Batch processing refers to the execution of computational tasks without user interaction, typically running in the background to process large datasets or perform repetitive analysis tasks. In the context of the CANFAR Science Platform, batch jobs run as headless containers - containerized environments that execute your code without graphical interfaces or interactive terminals.

Headless vs Interactive Containers

The key difference between headless and interactive containers lies not in the container images themselves, but in how they are executed. The same container image can be launched in either mode depending on your needs.

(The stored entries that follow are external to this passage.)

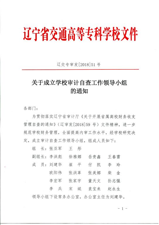 关于成立审计自查工作领导小组的通知
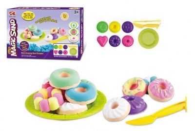 Piasek kinetyczny to magiczny piasek, który zachowuje się jak mokry piasek, lecz nigdy nie wysycha. Piasek doskonale daje się formować, a przy tym nie brudzi rąk, ubrań, a także podłoża, na którym się znajduje. Piasek kinetyczny jest idealną zabawką rozwijająca umysł dziecka! Pobudza wyobraźnię i zachęca do tworzenia własnych nowych kształtów, w czym mogą pomóc foremki dołączone do zestawu. W zestawie znajdują się 2 kolory piasku oraz foremki, talerzyk i nóż.
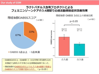 本講演では、吉形医師のグループが2021年に実施したラクトバチルス乳酸菌含有素材※5を使用したデリケートゾーンケア介入によるGSMおよび腟マイクロバイオームの改善効果についての研究成果の一部も発表されました。
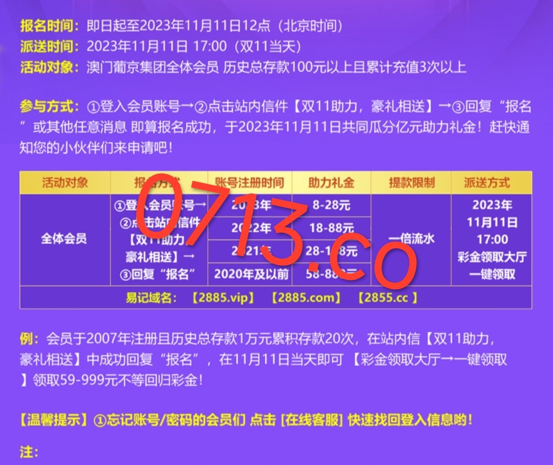 新老用户注册登陆 点击个人信息-站内信里面找到活动信件 回复指定文字即可赠送8+彩金 澳门葡京是11.11号送 游戏和提款限制自行查看优惠
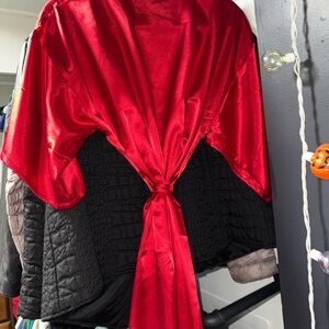 Super comfy silk red robe. perfect for lounging or to just throw overtop!
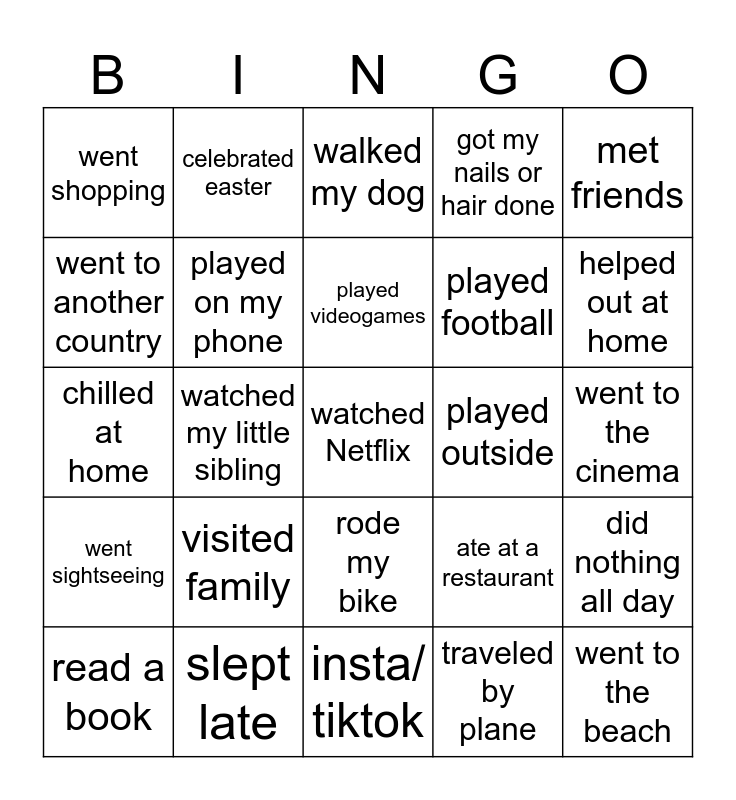 This bingo card has a free space and 24 words: visited family, slept late, played videogames, read a book, met friends, went shopping, went to another country, celebrated easter, played outside, rode my bike, played football, chilled at home, ate at a restaurant, did nothing all day, played on my phone, traveled by plane, went to the cinema, walked my dog, helped out at home, watched my little sibling, went to the beach, went sightseeing, got my nails or hair done and insta/ tiktok.
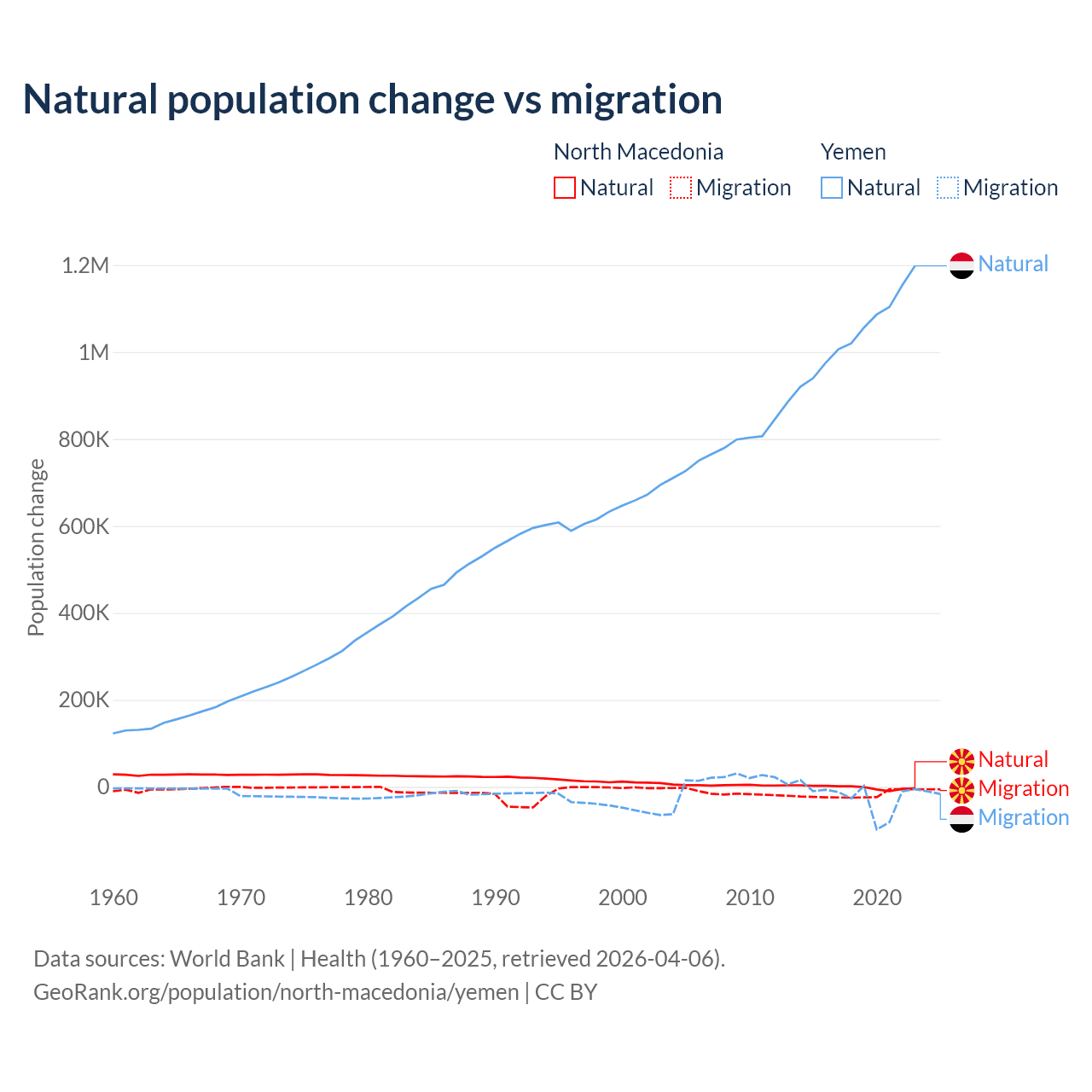 Over the last 10 years, 6.45% of the population change in North Macedonia is from natural causes (a loss of 12,585 people) and 93.5% is from migration (a loss of 182,429 people). In Yemen 97.8% is from natural causes (a gain of 10,460,813 people) and 2.17% is from migration (a loss of 231,814 people).

Headless containers execute a user-specified command or script directly. When you submit a headless job, you specify exactly what command should run - whether it's a Python script, a shell command, or any executable available in the container. The container starts, runs your specified command, and terminates when the command completes. For example, submitting a headless job with the astroml container might execute python /arc/projects/myproject/analysis.py directly.

Interactive containers launch predefined interactive services that you can access through your web browser. The same astroml container, when launched interactively, would start Jupyter Lab, providing you with a notebook interface for development and exploration. These containers run indefinitely until you manually stop them, allowing for real-time interaction and iterative development.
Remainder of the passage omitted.